As a veterinarian in India, Biswas didn't have a way to experiment with phages. But then, like Sandro, he came to the United States in the 1990s to work on his PhD. He landed in the same place as Sandro, the University of Maryland. There, he found an ally in Merril, who was equally fascinated with bacteria eaters. As an NIH scientist, Merril watched antibiotics lose their punch and knew medicine needed an alternative. "When I started my career in the 1970s, we thought antibiotics were doing fine. By the 1990s, it was clear that we were going to have a problem. I thought phages were worth trying."
Merril had become interested in bacteriophages after taking a summer course at Cold Spring Harbor back in the 1970s. The course focused on phages' basic biology, but for Merril, it left two big unanswered questions.
"Why don't we use them for treating infectious diseases?" Merril asked his professor. The man told him to go read "Arrowsmith" by Sinclair Lewis — the very book that left d'Hérelle excited in the spring of 1925, shortly before he so spectacularly cured plague in Egypt. The professor's intention was to show Merril why phages had become discredited, but that wasn't what he found. In fact, Merril realized that his professor likely skimmed the book, if he read it at all. "He didn't read 'Arrowsmith,' because if you read it really carefully, it's not an indictment of phage," Merril says. "It's an indictment of human beings and their greed and their misuse of things."
Merril's other big question was about what happens to phages once they enter the human body — in particular, the circulatory system. Does the immune system destroy them? How quickly? Can some persist? From initial experiments with injecting phages into mice, he found that even before the immune system cells gobbled up bacteriophages as foreign organisms, the liver and spleen filtered them out. "My next question was, can we find a phage strain that wouldn't be taken up by the liver?" he recalls. "Such a strain would be more effective."
Merril happened to be on a committee that oversaw Biswas's PhD research, and one day, they started talking. "I told him that I used phages before in my graduate studies to make a phage library mainly for molecular biology work," Biswas recalls. Merril was interested. "I'd like to try to use bacteriophages to overcome antibiotic resistance problems," he told Biswas. "Would you come work in my lab?" Biswas was intrigued. "I said, 'It's an interesting idea. I can work in that field.'"

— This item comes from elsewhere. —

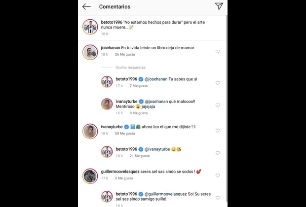 Beto Da Silva publicó una foto con la siguiente leyenda: “’No estamos hechos para durar’ pero el arte nunca muere”. De inmediato uno de sus amigos contestó: “En tu vida leíste un libro, deja de mamar”. En ese momento apareció Ivana: “¡Qué malo! Mentirosos, jajaja”.
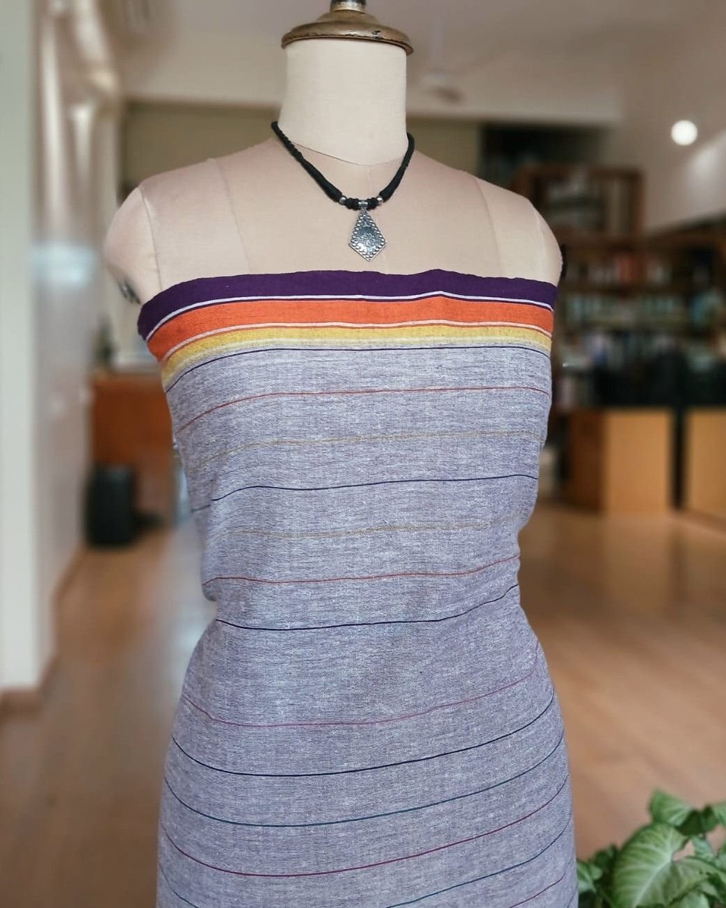 Bhujodi Saree handwoven in Kala Cotton. Beautifully finished with tassels.

For a while after he joined Merril's lab, Biswas's days revolved around injecting mice with phages against E. coli and Salmonella typhimurium and then taking their blood tests to see how quickly the bacteria eaters were eaten themselves, disappearing from circulation. About a day later, most phages would be gone, except for a tiny fraction. Biswas would filter them — and repeat the process again.
The first few rounds didn't exhibit much success. But then Biswas noticed that the survivors' numbers increased. "Surprisingly, after the eleventh round, we saw that the phage titer from the blood was getting higher," he recalls. "So we isolated those long-circulating or long-swimming phages." Similarly to d'Hérelle, they also turned to Greek mythology, naming their newfound potent creatures after Jason and the Argonauts, who sailed on the ship called Argo to retrieve the Golden Fleece. Although technically speaking phages can't swim on their own, they merely float, Biswajit and Merril liked the term. "We called them Argo1 and Argo2 phages because they were good swimmers."
The two types of Argo phages Biswas and Merril selected weren't just good swimmers — they were exceptional. Argo1's 18-hour survival numbers were 16,000-fold higher than the strain Biswas started with. Argo2's was 13,000-fold higher. Notably, these Argo phages also made better medicines than their original brethren. "Mice would survive when you treat with either phage," Biswas says. "But when we treated them with the Argo phages, they would recover much faster because the phages persisted longer in their bodies."